Sense of Purpose (formerly Nextstep) was an Australian hardcore punk band from Melbourne, active from 1996 to 2006.

Career

The band played under the name Nextstep between 1996 and 1999, releasing a demo tape "Together We Can Make a Difference" and a 7-inch EP "Time to Speak Up". They released their first full-length CD as Sense of Purpose, A Matter of Respect, in February 2001, along with the previously unreleased EP "End of a New Beginning", recorded in December 1998.

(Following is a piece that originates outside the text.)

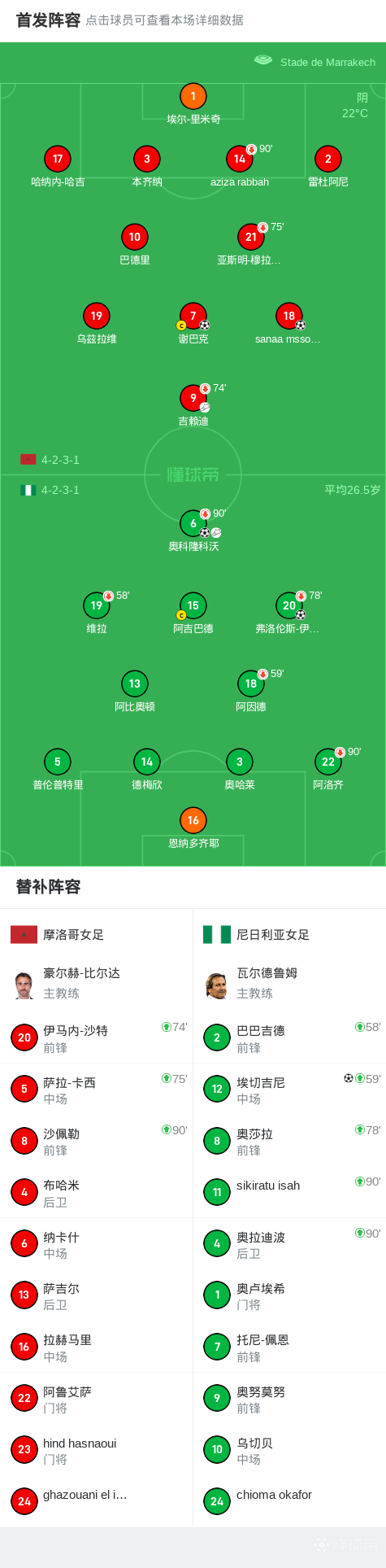 第71分钟,奥科隆科沃助攻,伊贾米卢西破门扳平比分,尼日利亚女足2-2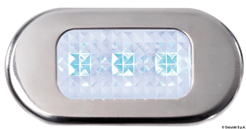 Corpo in policarbonato traslucido. Ghiera in acciaio inox. Adatta per illuminare gli scalini. Montaggio tramite viti.

In 2003, the band's drummer became a second vocalist, and Grant Johns of Dying Breed was brought in to play drums.

In February 2004, the band returned to Birdland Studios to record their second full-length CD, Tomorrow's Too Late, which was released in mid-2004. The band signed with UK hardcore label Go-Team Records, who released the album internationally later that year. Shortly afterwards the band's guitarist Leith Gow left to form In Name And Blood, and was replaced by new guitarist Brad O'Gorman, previously from British band Insight.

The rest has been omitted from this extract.